Debido a las dificultades que conseguir semejante fusil podía acarrearme, el Gremio se había encargado de todo y me había conseguido una licencia de armas a mi nuevo nombre, Iván Chonkin. Encontrar un coleccionista de armas antiguas no fue muy complicado, ya que el vendedor de la tienda de abalorios militares me había recomendado uno. Pagué el fusil ruso con un cheque a nombre del protagonista satírico y me encaminé a mi casa a acicalarme para la ocasión.

Sonó el teléfono. Era el jefe de mi antiguo trabajo. Tras explicarle tranquilamente que se había equivocado, que allí sólo vivía un soldado soviético y no un oficinista, me dirigí al Gremio. Debía avisar allí de que la función iba a comenzar. Cuando llegué la fábrica presentaba el desolado aspecto de siempre. Llamé tres veces y recité la contraseña, pero no hubo contestación. Volví a intentarlo, hasta cuatro veces más, y nada. Con ayuda de una palanca conseguí abrir la puerta y mis ojos descubrieron, con un aterrador alarido de acompañamiento producido por mi garganta, que allí no había nada. El Gremio había desaparecido. Se habían ido llevándose todo. No quedaba nada. Ni un mísero resto de mis compañeros, de todos los demás miembros. Maldita mi suerte. Allí estaban todas mis ilusiones de cada semana, toda la razón de ser que me quedaba, y se había esfumado. No sabía que había podido ocurrir, ni siquiera sabía los nombre de los demás, ni como contactar con ellos. Sólo sabía que era un soldado soviético llamado Iván Chonkin y que debía proteger el avión como homenaje a mis desaparecidos compañeros. Lo había ordenado el Glorioso Ejército Rojo. Debía evitar que lo profanaran los buitres oficinistas y los viejos visitantes del centro de salud. Debía alejar el color azul celeste de su vigorosa figura metálica, debía evitar que sus alas se fundiesen como las de Ícaro.

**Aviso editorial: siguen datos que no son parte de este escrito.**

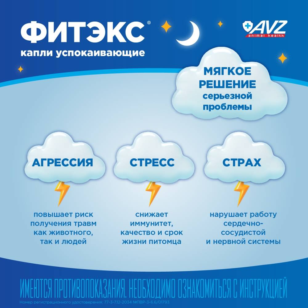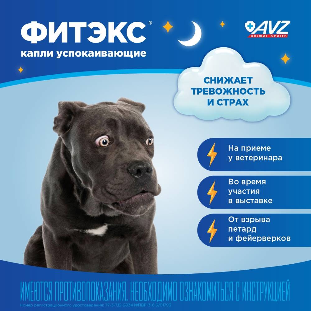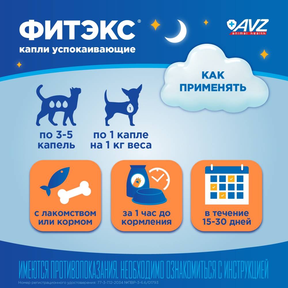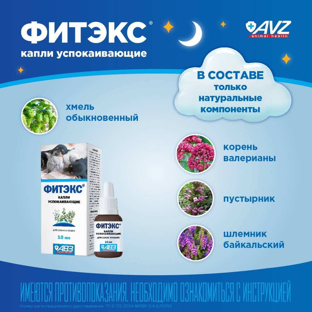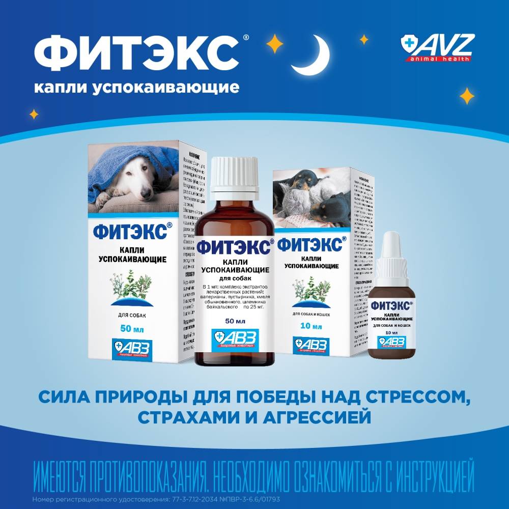Заблаговременный прием капель позволяет предотвратить у сильно возбудимых животных развитие стрессовых явлений при транспортировке, смене обстановки, участии в выставках, соревнованиях, посещении ветеринарной клиники, для подавления синдрома разлуки с хозяином. Обладая умеренным седативным действием без снотворного эффекта, ФИТЭКС® капли успокаивающие облегчают дрессировку излишне возбудимых животных.

Dirigí mi coche a toda velocidad hacia el aeródromo, con Kalinka retumbando en los altavoces. La verjas de seguridad estaban cerradas pero las atravesé como si fuesen de papel. Aparqué junto al caza y me subí a él con fusil en mano. El teniente Filíppov no tardó en llegar con sus secuaces en sus coches azul celeste. Otra vez desvirtuando el dolor. Todos iban con sus uniformes impolutos, y con ese aura de superioridad que rodea a los que creen que tienen el poder entre sus manos, que pueden cohibir a la gente con un simple movimiento de cabeza. Sucios bastardos. No se dan cuenta de que ese poder lo tienen gracias a la gente, y esta se lo puede quitar cuando lo desee.

Con un memorable discurso, digno de una tertulia de sobremesa, me instó a tirar mi arma y a abandonar el puesto de vigilancia que un camarada de mayor rango que él me había encomendado. Le quité el seguro al fusil, y sin pensarlo dos veces, disparé.